Dieses generelle Verbot des assistierten Suizids praktizieren viele europäische Länder wie Italien, England, Finnland oder Österreich. Nur mit einem Verbot werden alte, kranke oder lebensmüde Mitbürger geschützt.

kath.net: Hat der Gesetzentwurf für ein Verbot der Tötungsbeihilfe denn keine Chancen auf Erfolg?

Lambrecht:
Wir befürchten, dass der richtige Gesetzentwurf von Sensburg/Dörflinger nicht einmal ins Parlament eingebracht werden kann. Der weitreichende Gesetzentwurf mit dem Verbot jeder Tötungsbeihilfe könnte an der parlamentarischen Geschäftsordnung und an innerfraktionellen Machtspielchen scheitern. Denn um einen Entwurf in das Verfahren einzubringen, müssen 32 Abgeordnete diesen unterschreiben. Momentan gibt es erst etwa 15 Unterschriften – was angesichts der vielen Politiker aus CSU und CDU völlig unverständlich ist.

kath.net: Wäre denn der Gesetzentwurf von Brand/Griese nicht ein guter Kompromiss?

Lambrecht:
Nein. Der Gesetzentwurf von Brand und Kollegen hat ein erhöhtes Gefahrenpotential. Er unterstellt den Angehörigen, stets aus Mitleid und altruistischen Gründen dem alten Vater oder der Großmutter bei der Selbsttötung helfen zu wollen. Jeder weiß, dass Pflege und Betreuung von alten oder kranken Verwandten auch anstrengend sein kann, viele überfordert sind und die Lawine von Pflegebedürftigen die nächsten 20 Jahre immer größer wird. Wie soll man denn kontrollieren, dass der Enkel ‚nur aus Mitleid‘ dem Großvater den Giftbecher aufs Nachtkästchen stellt?

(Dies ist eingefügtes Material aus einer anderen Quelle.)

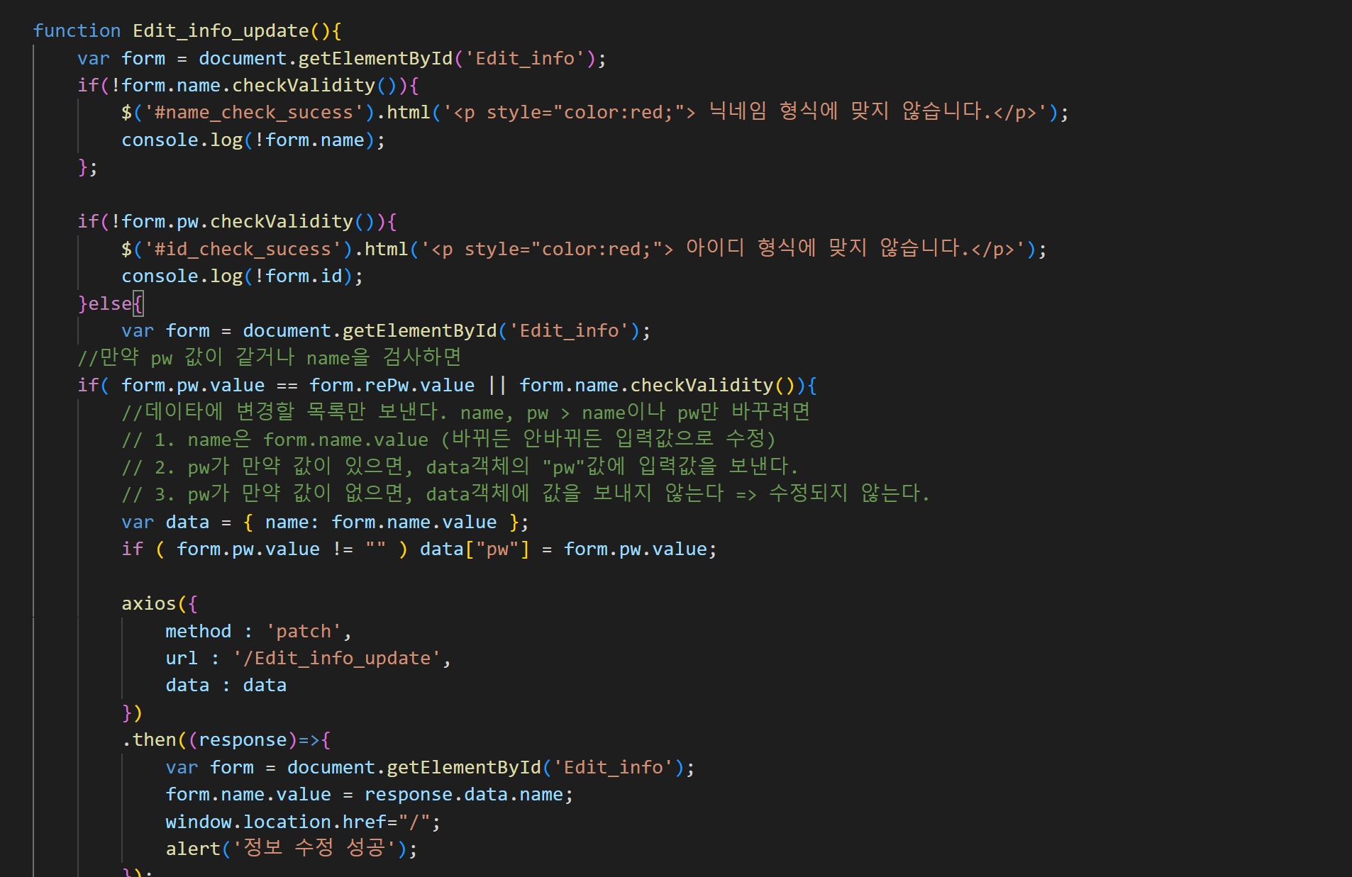 만약 폼의 pw가 같거나, form의 name을 검사했을경우
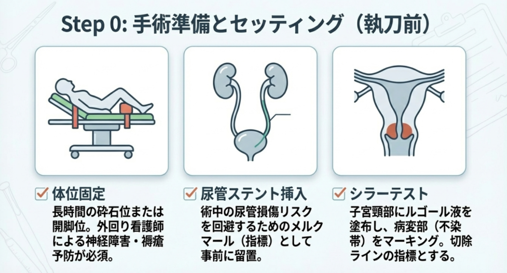 - 出血リスクへの備え:広汎手術では通常、500ml〜1000ml以上の出血が予想されます。交差適合試験(クロスマッチ)の完了確認、自己血や同種血輸血のルート確保(太い静脈ライン・中心静脈カテーテル等)が外回りの最優先タスクです。
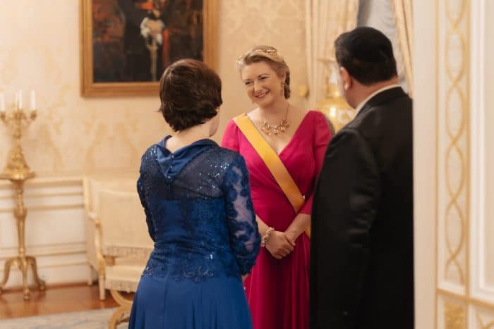 Wie maakt toch die prachtige rode jurken? Eerst al de jurk van het Te Deum (na de troonswisseling), en nu de rode galajapon. De kleur staat haar erg goed. Heeft iemand de gouden tip?
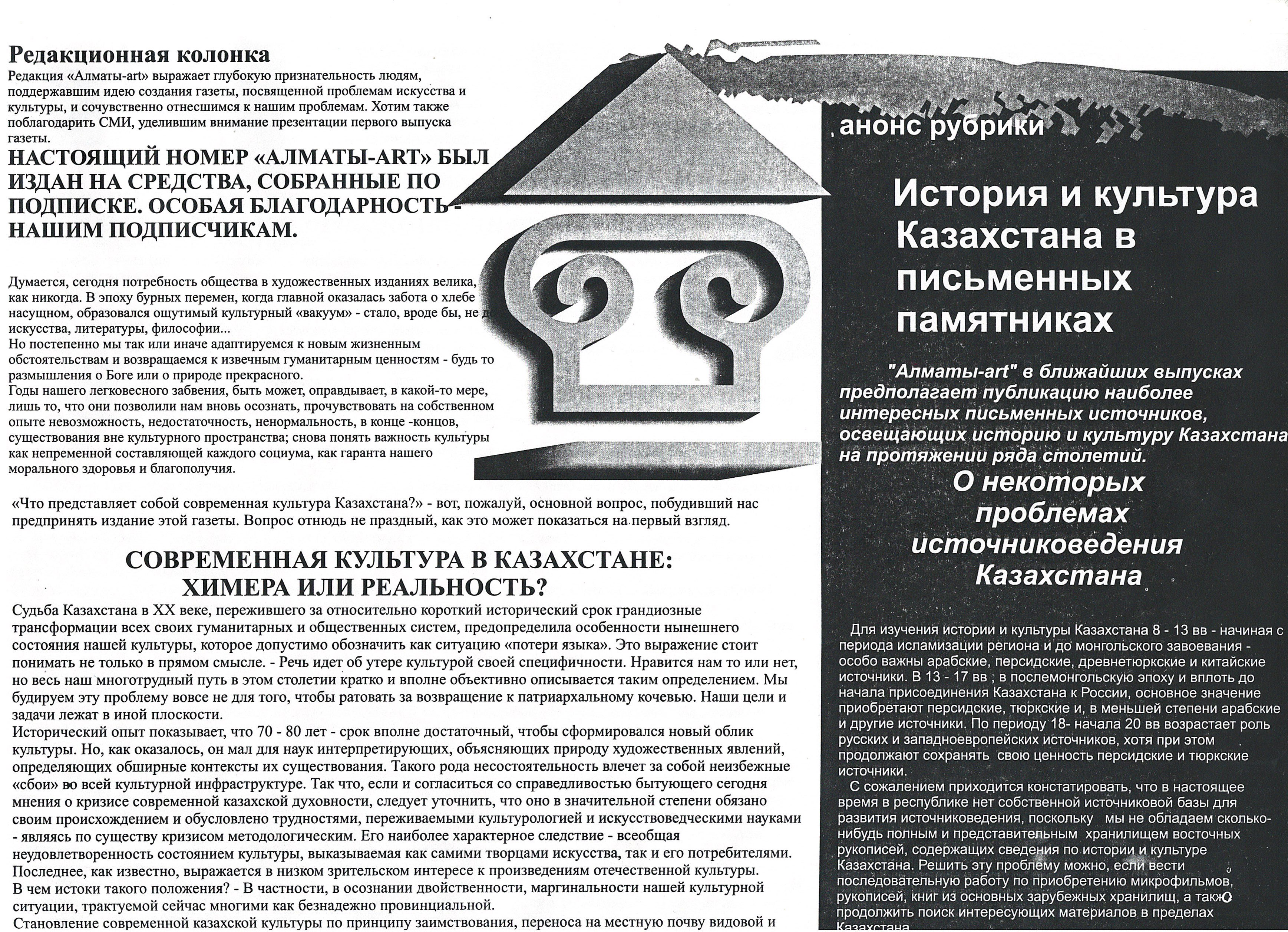 Yerzhan, Z. "Contemporary culture in Kazakhstan: chimera or reality?" 1997.
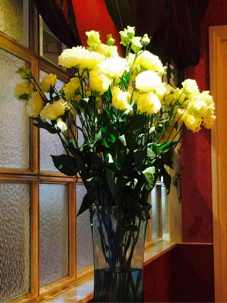 バースデーディナーで訪れたホテルのレストランに飾ってあった白いトルコキキョウがとても綺麗でした。
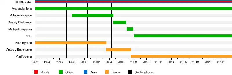 - Mary Abaza — vocals, bass, lyrics (1992–present)
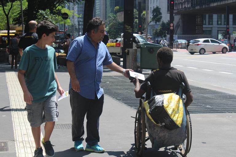 | Keywords: Relação de Poder no Brasil.jpg  pt-br Morador de rua recebendo comida de alguém que passava pela calçada Fotografia tirada na esquina da Avenida Paulista com a Alameda Casa Branca em 19 de março de 2016 own Marina Arena 19 de março de 2016 Projeto Commons da Faculdade Cásper Líbero RTVI/2016 Desigualdade Social Pobreza |
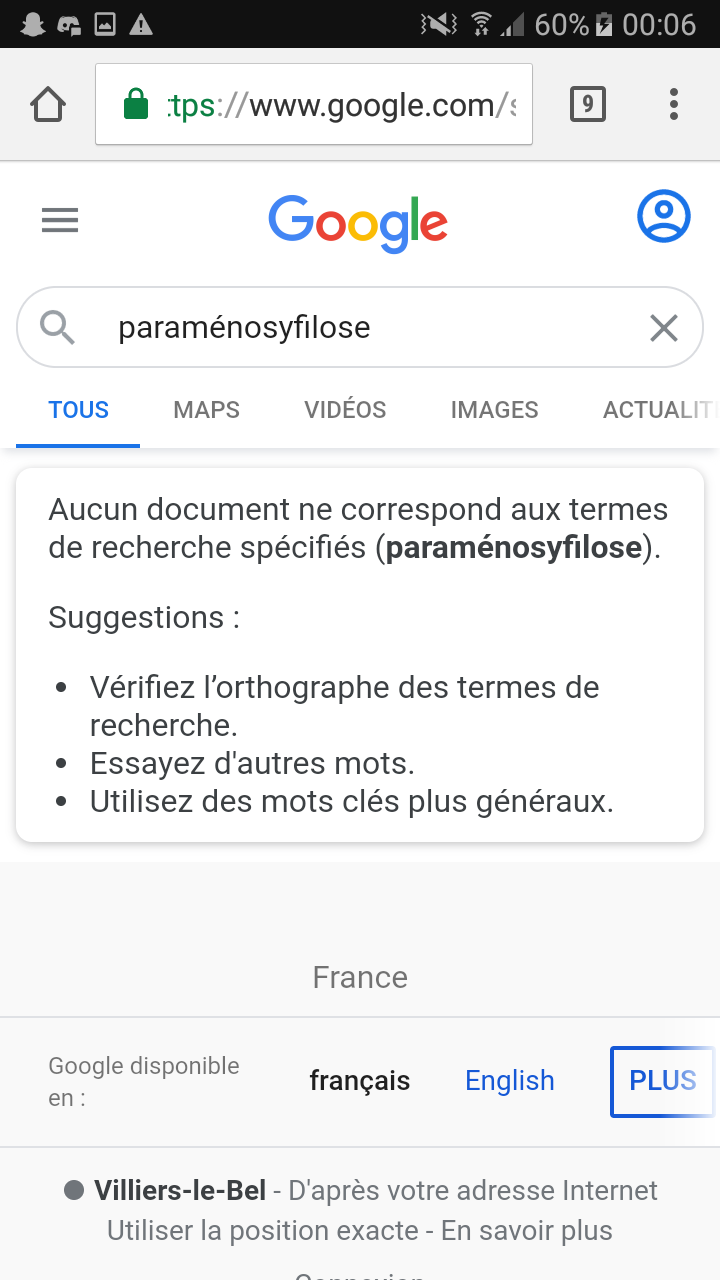 je suis atteint de paraménosyfilosebtg c'est une maladie rare donc normal pas sur google

kath.net: Viele fordern mehr Selbstbestimmung am Lebensende. Würde denn so ein Gesetz, das die Sterbehilfe im Einzelfall und privaten Bereich lässt, dem nicht gerecht?

Lambrecht:
Aus dem Recht auf Beihilfe zum Suizid durch Angehörige, Nahestehende oder Ärzte wird sofort ein Druck für die alten und kranken Verwandten und Menschen entstehen. Man muss –vor sich selbst und der Umwelt- rechtfertigen. Das ist ein fatales Signal an die vulnerabelste Gruppe der Mitmenschen, die Alten und Kranken, die nicht zur Last fallen wollen und die unseren besonderen Schutz brauchen. Zudem bestätigt die Suizidforschung, dass die meisten Suizide wegen Despressionen begangen werden. Hier sollte man statt des Giftbechers echte Hilfe anbieten.

kath.net: Welche Rechte hätten denn die Ärzte beim Gesetz von Brand/Griese und Kollegen?

Lambrecht:
Problematisch am Brand/Griese-Entwurf ist, dass Angehörige der Heilberufe vom Tatbestand des § 217 Absatz 1 StGB nicht erfasst werden sollen. Das bedeutet, Ärzte dürften dann ‚im Einzelfall‘ einem Patienten assistierten Suizid leisten. Wie das genau passieren soll, frage ich mich auch. Ist ein Einzelfall, dass ein Onkologe einmal einem Patienten eine Überdosis Schlaftabletten aushändigt?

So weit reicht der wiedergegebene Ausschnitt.